Provinces woo investment

More provincial and regency administrations have increasingly
realized the importance of investment to expand their local
economies, generate jobs and create new, bigger sources of fiscal
revenue.

Gone are the times when most regional administrations,
euphoric about their new-gained power after the launching of
regional autonomy in 2001, simply flexed their muscles to grab a
bigger share of the wealth from their natural resources and
resorted to easy, unsustainable ways of raising revenue by
squeezing companies with additional levies.

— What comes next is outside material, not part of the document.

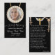 Cartão de oração totalmente personalizado com uma cruz decorativa no verso e versículos de oração que você pode personalizar. O cartão de oração vem com uma foto personalizável e personalizada e com um nome e data do funeral personalizados. O design apresenta um estilo de escrita e caligrafia à mão juntamente com fontes elegantes e sofisticadas.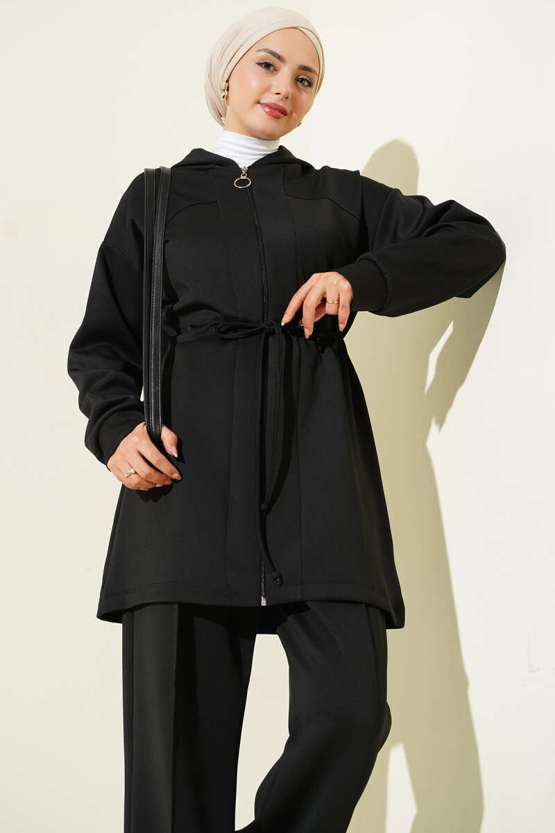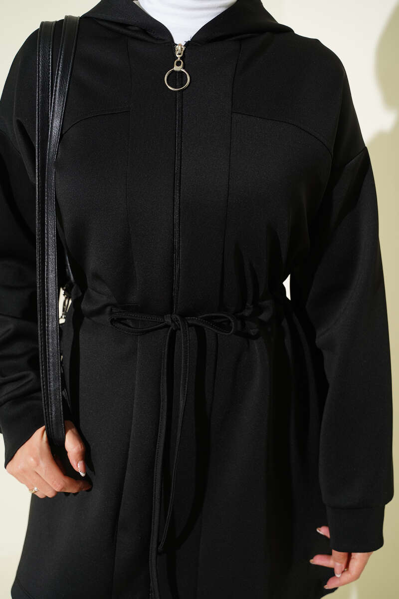 Düğmeli Kuşaklı Araboy Trençkot Siyah

Local administrations that previously depended mainly on the
Investment Coordinating Board in Jakarta for investment
promotion, have taken the initiative to woo new investment to
their respective areas, fully realizing that private capital
outlay is the only effective means for them to provide jobs for
their people.

The latest example is the recent investment promotion mission
sent by the West Java provincial administration to Singapore
where the province's top officials briefed international
businesspeople on investment opportunities and promised
international investors more expedient business licensing and a
more conducive investment climate.

West Java Governor Danny Setiawan also said in Jakarta last
week that his administration would host an infrastructure summit
in Bandung in August to woo investors to invest in toll roads,
the airport, seaport, water supply and waste management and many
other basic infrastructure.

Earlier, the Jambi, North Sumatra, Riau and Batam
administrations had made similar missions to Singapore, the first
gateway to woo foreign investors because the city is home to the
Southeast Asian regional offices of most multinational companies.

The Sleman Regency administration in Yogyakarta province and
the Semarang mayoralty in Central Java have begun publicizing an
audited balance sheet. In a way, these financial disclosures also
are a means of wooing investment because the regular publishing
of audited balance sheets is the first of a string of
requirements in the process needed for local administrations to
float municipal bonds. Credit rating agencies need to analyze the
financial reports of an administration to determine its credit
rating, which is the main component for setting the price of
bonds.

The regional initiatives to attract investment should be
welcomed as one of the biggest benefits of regional autonomy. We
are looking forward to a time when provinces or regencies compete
with each other to woo domestic and foreign investment.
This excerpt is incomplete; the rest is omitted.